Marchionne ha presentato il nuovo piano industriale del Gruppo Fiat per l'Italia. Piano ambizioso che prevede investimenti per 8 miliardi di €. Di questi tempi il piano è senza dubbio ambizioso ma il problema chiave è la competitività.
Già, per stare sul mercato si deve essere competitivi e la struttura del Gruppo torinese ha delle sacche di inefficienza in stabilimenti che lamentano carenze strutturali e diseconomie. Infatti l'a.d. di FIAT reclama una bassa saturazione degli impianti da cui si generano queste inefficienze che limitano la competitività del gruppo sul mercato. La chiusura degli stabilimenti incriminati (Termini Imerese e forse Pomigliano d'Arco) lascerebbe a casa molti dipendenti in aree geografiche del paese problematiche.
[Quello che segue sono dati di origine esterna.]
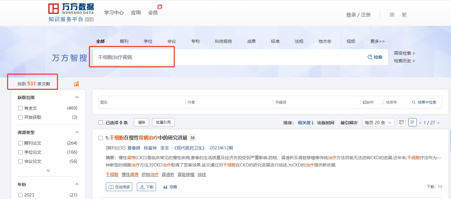 同一時間段,我們在中國萬方數據知識平臺運用關鍵詞“干細胞治療腎病”搜索相關干細胞治療腎病的文章,發現干細胞治療腎病的論文多達531條
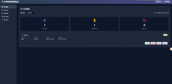 4.支持文件封禁,封禁后输入取件码跳到封禁也面,直链也是一样跳到封禁页面,拥有后台登录后台可以审核封禁文件,文件到期后会跳到文件过期界。
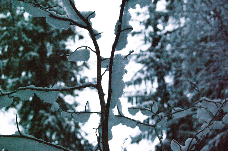 Nästa dag är snöfallet tillbaka. Natten därefter har uttern vandrat från ett öppet vatten till ett annat. Tjäderns spillningshög avslöjar dess bädd och vägen är knappt farbar….
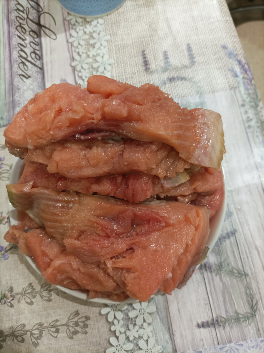 Вот такая вот РСП злая мачеха, прям как в сказке!) Своим-то чего получше, а мужниным по остаточному принципу). Учили-учили вы меня себя любить, и я, кажется, научилась😂. Теперь, чую, обратные предъявы пойдут). Всем привет, с вами Ольга). Сегодня коротко про каструльки. Уже и рыбу-то эту давно съели, а у меня только руки дошли о ней написать). Конечно же, красная рыба - это ни что иное, как банальная горбуша из светофора). Ну чем вам не красная рыба?) Приготовила я её в мультиварке со сливками и овощами). Итак, всё банально и просто). Горбушу разделала от головы и костей, сняла шкуру и порезала на куски Из головы и хребта потом ещё и уху сварю, убрала пока в морозилку. Цветную капусту тоже купила в светофоре Перец из пятёрочки по акции. Половинку пустила на щи и половинку вот сюда Кабачки тоже были в пятёрочке по 99р за кг. Взяла один маленький В морозилке у меня лежала начатая пачка стручковой фасоли. Тоже когда-то купила по акции и понемногу пользовалась Овощи мелко порезала и вы
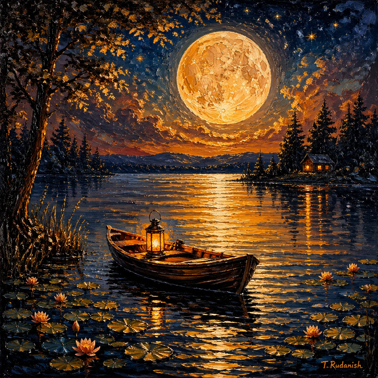 This is a vibrant oil painting by artist T. Rudanish depicting a serene lakeside scene at night. A large, luminous full moon dominates the sky, casting a golden glow over the rippling water below. A small wooden boat, adorned with a lantern, floats in the foreground, creating a reflective pathway of light on the lake's surface. Surrounding the water, dark, textured foliage frames the scene, with delicate lily pads scattered across the water's edge. The overall palette is rich with warm hues of gold, orange, and deep blue, evoking a tranquil, mystical ambiance.

Risulta dunque alquanto complesso conciliare la responsabilità sociale del Gruppo senza che questo ne risulti in qualche modo penalizzato rispetto ai concorrenti. In questo momento si stanno scontando scelte poco lungimiranti prese nel passato sull'euforia dell'assistenzialismo statale in cui spesso per scelta lo Stato copriva delle inefficienze industriali per garantire un certo welfare in aree depresse del paese. Ora questo tempo è finito ed è giusto consentire alle imprese di rincorrere la propria competitività senza lasciarsi ingabbiare in pericolosi giochi etici, pena l'esistenza stessa dell'azienda (che in caso di scomparsa produrrebbe danni maggiori).
Non vogliamo più Gruppi industriali che sono degli ammortizzatori sociali come la vecchia Alitalia che non aveva ragion di esistere se non perchè lo stato copriva le carenze e dava occupazione. La FIAT ha iniziato a funzionare proprio quando lo Stato si è levato dai piedi e si è dato spazio a persone competenti e preparate!